DATA SHOWN
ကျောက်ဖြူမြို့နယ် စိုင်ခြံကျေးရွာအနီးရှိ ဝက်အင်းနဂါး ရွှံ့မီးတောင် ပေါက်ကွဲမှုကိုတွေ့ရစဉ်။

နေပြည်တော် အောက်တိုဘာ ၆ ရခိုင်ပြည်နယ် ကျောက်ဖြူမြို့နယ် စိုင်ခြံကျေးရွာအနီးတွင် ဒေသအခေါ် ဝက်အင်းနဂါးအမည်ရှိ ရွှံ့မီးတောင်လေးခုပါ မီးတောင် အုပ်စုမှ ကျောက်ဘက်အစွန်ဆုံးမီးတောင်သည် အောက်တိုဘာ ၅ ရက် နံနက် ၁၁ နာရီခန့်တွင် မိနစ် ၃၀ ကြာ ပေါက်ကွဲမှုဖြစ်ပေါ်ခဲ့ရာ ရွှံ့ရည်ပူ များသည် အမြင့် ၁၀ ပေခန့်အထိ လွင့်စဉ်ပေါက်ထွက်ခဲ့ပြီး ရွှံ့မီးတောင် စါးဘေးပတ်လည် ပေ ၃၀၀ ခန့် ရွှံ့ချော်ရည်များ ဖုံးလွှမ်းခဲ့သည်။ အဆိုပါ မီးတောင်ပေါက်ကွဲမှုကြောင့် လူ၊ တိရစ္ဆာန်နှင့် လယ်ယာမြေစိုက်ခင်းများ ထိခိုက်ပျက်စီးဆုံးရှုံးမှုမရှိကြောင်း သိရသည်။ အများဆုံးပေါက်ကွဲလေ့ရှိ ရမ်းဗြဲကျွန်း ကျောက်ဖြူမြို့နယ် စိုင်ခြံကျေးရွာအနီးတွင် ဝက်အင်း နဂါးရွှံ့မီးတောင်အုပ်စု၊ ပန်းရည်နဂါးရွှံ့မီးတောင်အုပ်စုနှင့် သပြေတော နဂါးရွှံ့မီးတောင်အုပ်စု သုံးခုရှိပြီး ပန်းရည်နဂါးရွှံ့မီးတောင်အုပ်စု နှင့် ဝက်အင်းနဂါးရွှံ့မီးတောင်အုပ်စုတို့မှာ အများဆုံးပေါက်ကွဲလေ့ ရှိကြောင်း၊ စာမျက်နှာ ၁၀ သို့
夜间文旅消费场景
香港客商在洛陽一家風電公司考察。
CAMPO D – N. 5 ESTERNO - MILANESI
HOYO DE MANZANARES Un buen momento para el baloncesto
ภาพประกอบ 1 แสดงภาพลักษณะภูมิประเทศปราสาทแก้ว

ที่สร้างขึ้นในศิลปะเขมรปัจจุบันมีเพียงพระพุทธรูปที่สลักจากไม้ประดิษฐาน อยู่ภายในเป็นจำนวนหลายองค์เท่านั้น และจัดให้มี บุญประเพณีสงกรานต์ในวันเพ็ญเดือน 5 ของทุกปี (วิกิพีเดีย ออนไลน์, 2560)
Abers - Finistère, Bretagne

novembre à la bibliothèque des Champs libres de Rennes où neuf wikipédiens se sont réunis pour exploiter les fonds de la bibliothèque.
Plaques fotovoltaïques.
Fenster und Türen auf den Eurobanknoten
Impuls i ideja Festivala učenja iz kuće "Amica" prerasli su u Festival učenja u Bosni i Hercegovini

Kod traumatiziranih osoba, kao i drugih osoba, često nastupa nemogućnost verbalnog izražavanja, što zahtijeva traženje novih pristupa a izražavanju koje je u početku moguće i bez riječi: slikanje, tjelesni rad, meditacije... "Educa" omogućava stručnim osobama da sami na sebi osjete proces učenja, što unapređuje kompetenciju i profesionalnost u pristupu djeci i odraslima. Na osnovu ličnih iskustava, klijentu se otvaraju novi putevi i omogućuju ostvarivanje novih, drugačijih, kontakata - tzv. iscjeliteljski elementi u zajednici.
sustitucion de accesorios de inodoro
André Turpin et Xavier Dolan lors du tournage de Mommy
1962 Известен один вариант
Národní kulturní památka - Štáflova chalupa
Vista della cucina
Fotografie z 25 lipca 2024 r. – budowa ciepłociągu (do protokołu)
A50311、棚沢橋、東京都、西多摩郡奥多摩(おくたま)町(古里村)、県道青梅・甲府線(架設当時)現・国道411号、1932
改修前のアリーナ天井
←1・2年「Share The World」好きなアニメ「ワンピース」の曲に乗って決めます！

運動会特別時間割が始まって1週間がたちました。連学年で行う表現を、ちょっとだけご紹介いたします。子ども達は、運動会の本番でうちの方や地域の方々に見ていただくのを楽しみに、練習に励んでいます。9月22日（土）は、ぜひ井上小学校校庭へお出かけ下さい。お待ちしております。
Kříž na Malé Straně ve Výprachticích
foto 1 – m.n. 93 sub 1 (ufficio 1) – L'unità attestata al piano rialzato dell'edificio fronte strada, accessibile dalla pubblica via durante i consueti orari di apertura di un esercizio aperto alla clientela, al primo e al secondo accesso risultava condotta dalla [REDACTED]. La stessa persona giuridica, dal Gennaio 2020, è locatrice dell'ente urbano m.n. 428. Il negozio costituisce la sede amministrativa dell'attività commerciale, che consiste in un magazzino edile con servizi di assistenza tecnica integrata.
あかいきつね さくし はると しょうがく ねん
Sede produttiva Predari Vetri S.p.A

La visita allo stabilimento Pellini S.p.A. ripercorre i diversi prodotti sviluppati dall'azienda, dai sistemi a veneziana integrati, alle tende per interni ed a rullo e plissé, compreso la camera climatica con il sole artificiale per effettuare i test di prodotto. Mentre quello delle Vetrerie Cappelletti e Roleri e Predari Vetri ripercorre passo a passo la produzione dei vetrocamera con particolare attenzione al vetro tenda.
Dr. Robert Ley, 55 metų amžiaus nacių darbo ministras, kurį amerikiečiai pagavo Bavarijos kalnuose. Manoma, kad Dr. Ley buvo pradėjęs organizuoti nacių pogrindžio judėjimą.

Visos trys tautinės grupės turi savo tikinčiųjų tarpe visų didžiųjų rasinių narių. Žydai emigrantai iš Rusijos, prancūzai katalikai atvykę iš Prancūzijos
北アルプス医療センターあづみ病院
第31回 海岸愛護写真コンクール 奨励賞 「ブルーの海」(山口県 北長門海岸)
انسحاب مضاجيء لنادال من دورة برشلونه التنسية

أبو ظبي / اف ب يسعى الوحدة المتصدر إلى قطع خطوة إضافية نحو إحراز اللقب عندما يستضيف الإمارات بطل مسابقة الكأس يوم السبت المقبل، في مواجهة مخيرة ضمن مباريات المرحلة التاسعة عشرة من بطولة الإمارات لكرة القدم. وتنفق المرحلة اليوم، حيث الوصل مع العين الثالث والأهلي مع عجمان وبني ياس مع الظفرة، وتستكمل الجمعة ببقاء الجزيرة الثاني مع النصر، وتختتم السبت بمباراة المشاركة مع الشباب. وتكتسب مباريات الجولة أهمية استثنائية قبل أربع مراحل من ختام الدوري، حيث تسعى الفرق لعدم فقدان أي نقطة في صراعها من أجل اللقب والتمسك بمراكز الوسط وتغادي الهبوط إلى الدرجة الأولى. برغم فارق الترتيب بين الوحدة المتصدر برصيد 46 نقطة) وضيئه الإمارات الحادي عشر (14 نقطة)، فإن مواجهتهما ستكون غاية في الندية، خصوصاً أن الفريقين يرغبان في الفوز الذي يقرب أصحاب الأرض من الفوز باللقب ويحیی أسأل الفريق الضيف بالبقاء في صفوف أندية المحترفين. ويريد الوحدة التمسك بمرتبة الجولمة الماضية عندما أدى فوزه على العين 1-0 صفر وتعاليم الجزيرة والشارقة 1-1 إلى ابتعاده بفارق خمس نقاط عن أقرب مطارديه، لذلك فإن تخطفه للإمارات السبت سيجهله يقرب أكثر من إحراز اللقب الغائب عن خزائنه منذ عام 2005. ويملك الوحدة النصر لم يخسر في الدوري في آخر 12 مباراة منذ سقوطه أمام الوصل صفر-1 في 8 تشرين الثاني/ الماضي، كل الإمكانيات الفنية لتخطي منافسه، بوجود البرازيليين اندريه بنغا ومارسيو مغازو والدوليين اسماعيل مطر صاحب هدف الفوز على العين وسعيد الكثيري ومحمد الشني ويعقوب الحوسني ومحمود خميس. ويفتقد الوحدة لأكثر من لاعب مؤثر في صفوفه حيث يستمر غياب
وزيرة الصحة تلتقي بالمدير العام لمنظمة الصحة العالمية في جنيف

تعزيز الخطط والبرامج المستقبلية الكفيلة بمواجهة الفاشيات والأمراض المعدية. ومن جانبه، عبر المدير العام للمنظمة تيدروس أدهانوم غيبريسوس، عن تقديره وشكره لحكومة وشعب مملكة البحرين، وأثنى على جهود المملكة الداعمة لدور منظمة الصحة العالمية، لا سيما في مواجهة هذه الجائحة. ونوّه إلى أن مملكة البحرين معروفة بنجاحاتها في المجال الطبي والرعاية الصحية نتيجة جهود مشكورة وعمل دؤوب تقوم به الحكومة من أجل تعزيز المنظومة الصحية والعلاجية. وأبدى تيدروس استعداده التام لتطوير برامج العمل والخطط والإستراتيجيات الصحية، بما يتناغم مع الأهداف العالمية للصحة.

AIM OF THE TASK
Your answer should be the lines above, from the line containing "Plaques fotovoltaïques." up to and including the line containing "Impuls i ideja", reproduced exactly and with nothing else.

RESPONSE AREA
Plaques fotovoltaïques.
Fenster und Türen auf den Eurobanknoten
Impuls i ideja Festivala učenja iz kuće "Amica" prerasli su u Festival učenja u Bosni i Hercegovini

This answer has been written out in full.